Reputation: 541
I want to simulate a variable which can have values between 0 and 1. But I also want that this random variable to have 80% zeroes. Currently I ma doing the following:
data['response']=np.random.uniform(0,1,15000)#simulate response
data['response']=data['response'].apply(lambda x:0 if x<0.85 else x)

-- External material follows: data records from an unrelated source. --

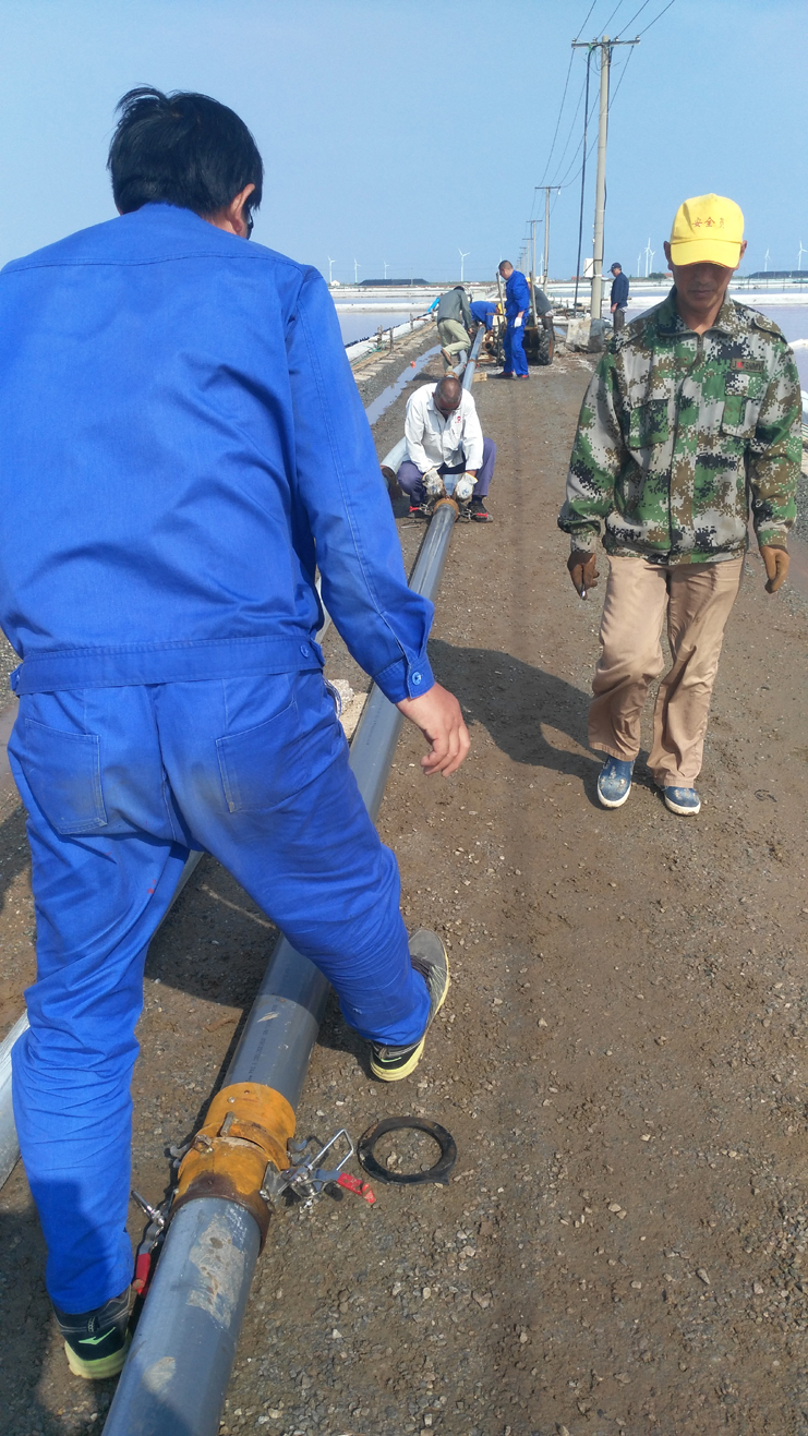為節(jié)省扒鹽管道拆、裝時間,提高扒鹽速度,減輕扒鹽人員負荷,6月11日上午機電服務公司新制快接管道在埒南制鹽公司11班進行現(xiàn)場實踐。他們放棄休息日,制作人員全員參與,市勞模王緒華、一星級員工程洪連、黨員楊軍,他們個個不怕臟和累,經(jīng)過一個多小時操作,管道安裝結束,在幾次調試后,扒鹽機組運行正常。該快速接頭優(yōu)點是安裝、拆解快捷,節(jié)約成本,不足是皮墊易漏鹵。通過此次試運行,對不足之處,該公司將繼續(xù)研究,爭取早日投入鹽業(yè)生產,創(chuàng)造效益。(機電服務公司)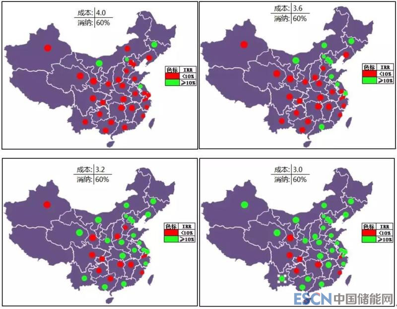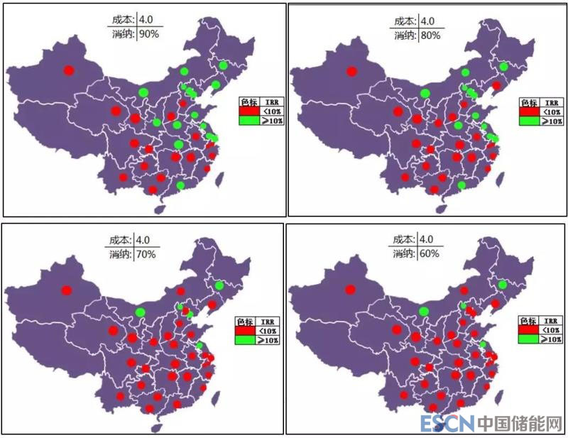 60%自用比例下有4個的城市(地區(qū))滿足收益率要求,蒙西、冀北、長春、連云港。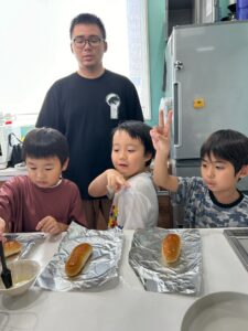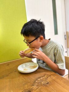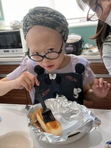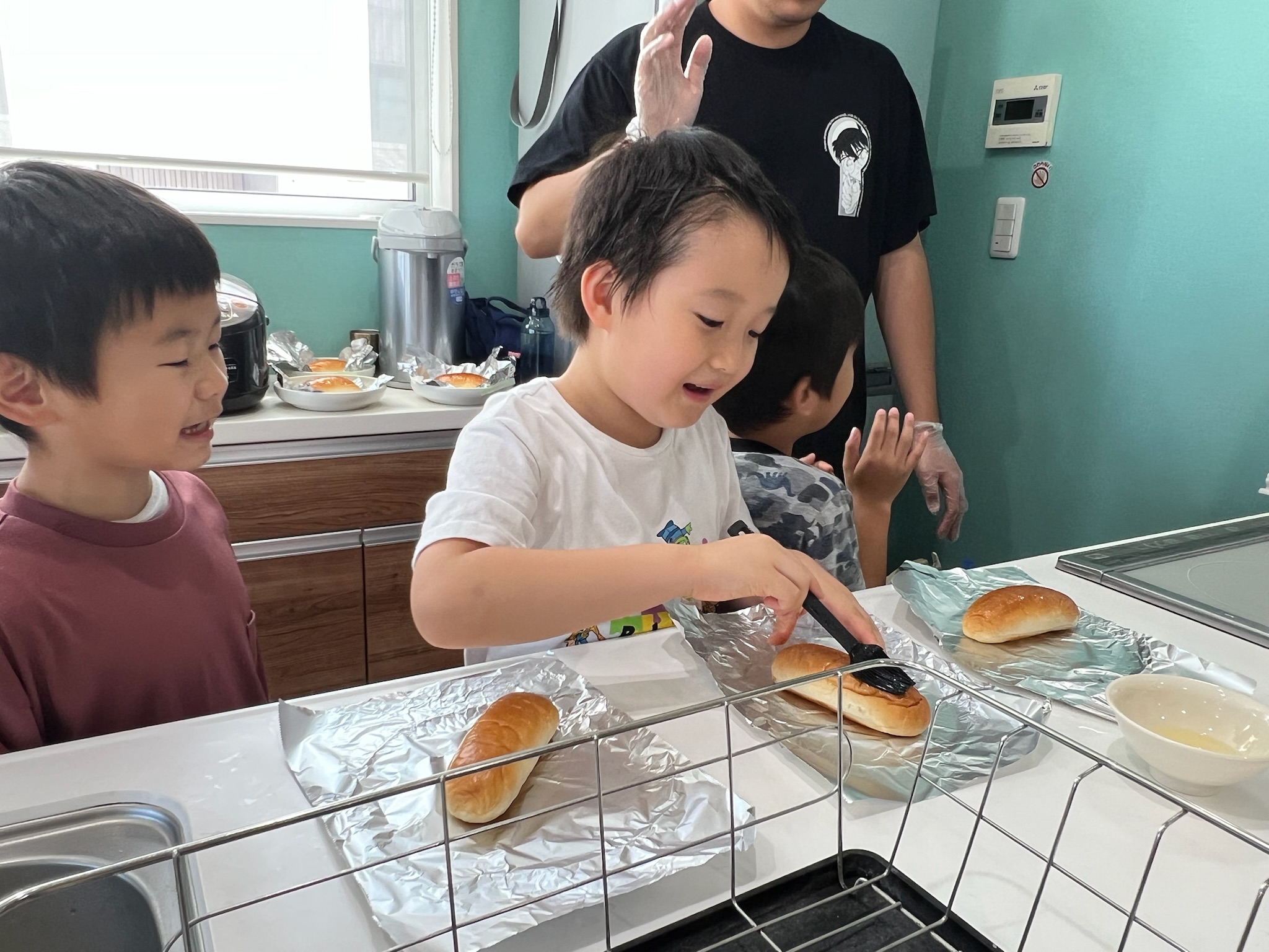 パンに油をたっぷり塗ったら、トースターで焼きます😊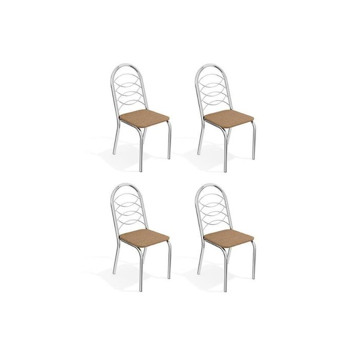 Cadeira Holanda 4c009 Kit 4 Un Cromado Linho Capuccino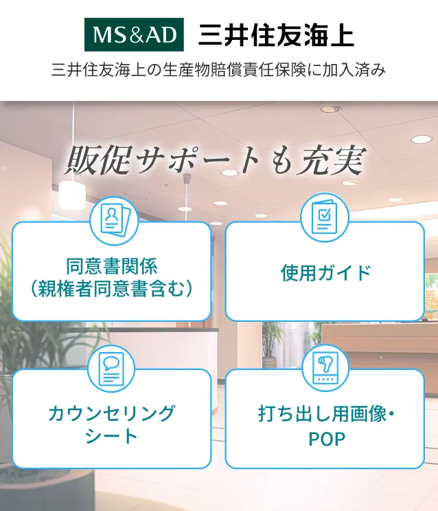 美容機器の制作実績が20年以上の工場で制作しており、保険会社にも安全性を立証しております。

But this results in only the extreme values(0 and .8+) in the variable. I want to have 80 percent zeroes and rest 20% rows to have values between zero and one. This has to be done randomly.
Upvotes: 1
Views: 1424
Reputation: 674
Here's another one using numpy.random.shuffle
# Proportion between zeros and non-zeros
proportion = .8
n_non_zeros = 200
# Generate fake non-zero data.
# Inversion to ensure the range contains all the values between 0 and 1, except 0
non_zeros = 1 - np.random.uniform(size=[n_non_zeros])
# Append [proportion / (1 - proportion)] zeros
# to 'non_zeros' array for each non-zero
non_zeros += [0] * int(n_non_zeros * proportion / (1 - proportion))
# Shuffle data
np.random.shuffle(data)
# 'data' now contains 200 non-zeros and 800 zeros
# They are %20 and %80 of 1000
Upvotes: 2
Reputation: 523304
We could draw numbers from a uniform distribution extended to the negative side, then take max
with zero:
>>> numpy.maximum(0, numpy.random.uniform(-4, 1, 15000))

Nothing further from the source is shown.